Hi,
I'm trying to find differentially expressed genes between two expression microarray datasets, both Illumina HT-12 v4, one only has 3 samples (3 different patients), the other one has 5 in triplicates (biological, clones). I loaded the datasets using lumi and individually transformed them (vst) and normalized (rsn). Then I combined the datasets based on common features. The means in the first dataset are around 7.4, in the second around 8.4. So I tried to remove the batch effect using ComBat with the following:
pheno = pData(EDATA) edata = exprs(EDATA) batch = pheno$batch modcombat = model.matrix(~1, data=pheno) combat_edata = ComBat(dat=edata, batch=batch, mod=modcombat, numCovs=NULL, par.prior=TRUE, prior.plots=FALSE) exprs(EDATA) = combat_edata ## to plug the expression values back into the original ExpressionSet
My problem is, after ComBat, the samples cluster unexpectedly. The 3 samples that make up the first dataset should be clustering together and separately from the rest of the samples. But instead, not even the triplicate samples cluster together anymore. Is there something wrong with this approach? Or could ComBat be destroying the differences? The RNAs come from cells of similar type - all iPSC - but very different culture systems. Any help would be greatly appreciated.
Jaro
If the data are all on the same array, why are you combining data based on common features. If they are the same array, by definition the features are all common.
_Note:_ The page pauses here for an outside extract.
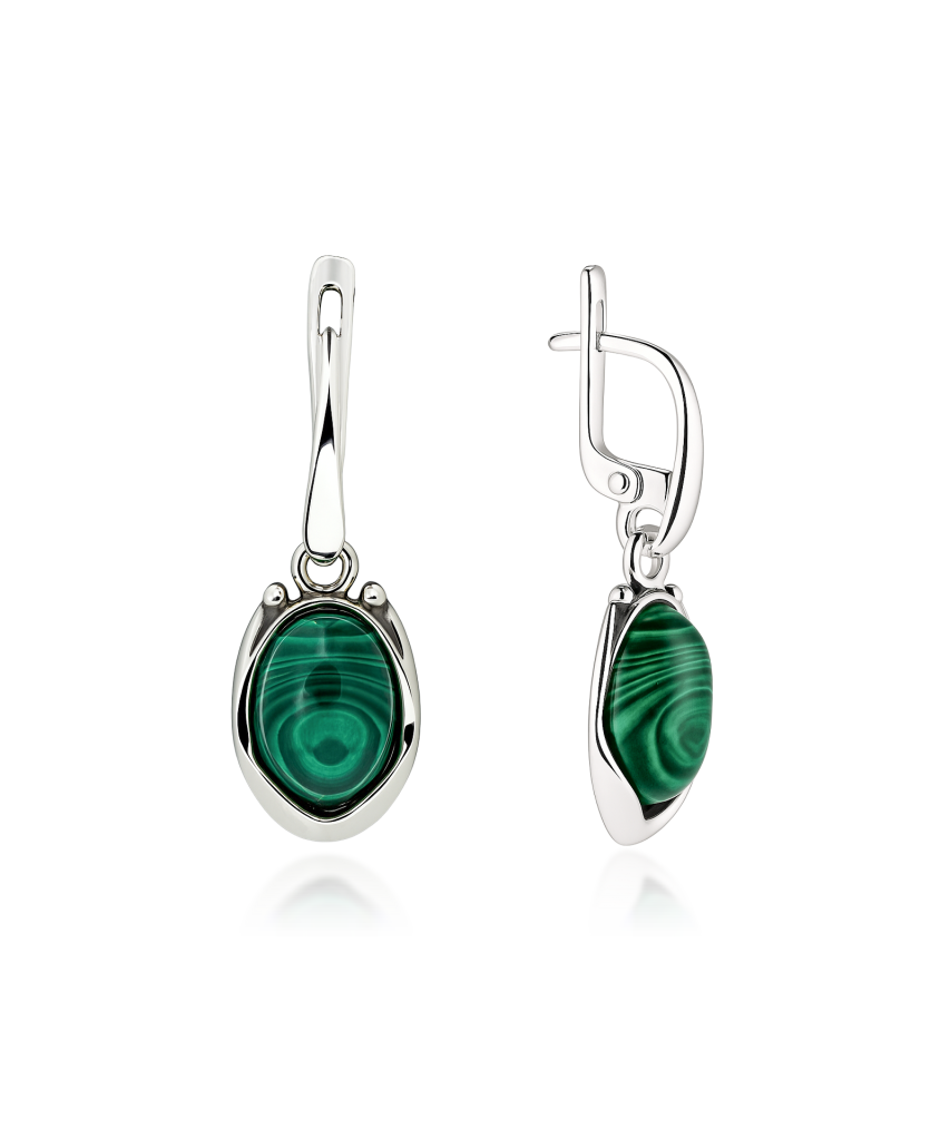 Серьги из серебра с малахитом
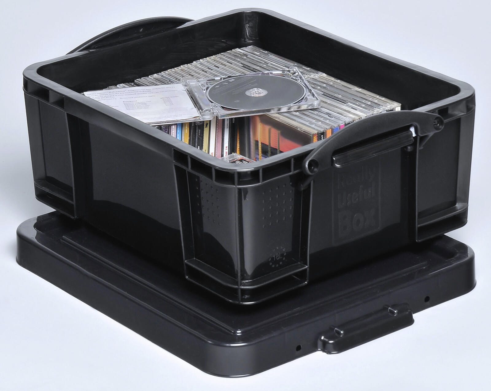 Die Really Useful Box Aufbewahrungsbox mit einem Fassungsvermögen von 18,0 Litern bietet eine praktische und stilvolle Lösung zur Aufbewahrung deiner Gegenstände. Mit den Außenmaßen von 48,0 x 39,0 x 20,0 cm ist sie ideal für die Organisation von CDs und DVDs, sodass du deine Sammlung ordentlich und übersichtlich verstauen kannst. Hergestellt aus robustem Polypropylen, zeichnet sich die Box durch ihre Langlebigkeit und Stabilität aus. Die schwarze Farbe verleiht der Aufbewahrungsbox ein modernes und elegantes Erscheinungsbild, das sich nahtlos in jede Umgebung einfügt. Der vorhandene Deckel schützt den Inhalt vor Staub und Beschädigungen, während die stapelbare Funktion es dir ermöglicht, mehrere Boxen platzsparend übereinander zu lagern. Dies ist besonders vorteilhaft, wenn du wenig Platz zur Verfügung hast und dennoch Ordnung halten möchtest. Die Really Useful Box ist nicht nur funktional, sondern auch vielseitig einsetzbar. Ob im Wohnzimmer, im Büro oder im Schlafzimmer, sie hilft dir dabei, deine Dinge geordnet und griffbereit zu halten. Dank des durchdachten Designs kannst du die Box leicht in Regalen oder Schränken unterbringen, ohne dass sie viel Platz einnimmt. Die robuste Bauweise und die praktische Handhabung machen die Really Useful Box zu einem unverzichtbaren Helfer in deinem Alltag. Sie ist zwar nicht lebensmittelecht und nicht temperaturbeständig, bietet jedoch eine hervorragende Lösung für die Aufbewahrung von nicht empfindlichen Gegenständen. Entdecke die Vorzüge dieser hochwertigen Aufbewahrungsbox und bringe Ordnung in dein Zuhause.Technische Daten

In addition, if you are trying to make comparisons between batches and the biological replicates are all either in one or the other batch (e.g., if you are trying to compare the 3 samples in the first set vs the 5 in the second set), then you should note that it is not possible to remove the batch effect. In this situation, the biological differences are completely confounded with batch and there is no way to unscramble that egg.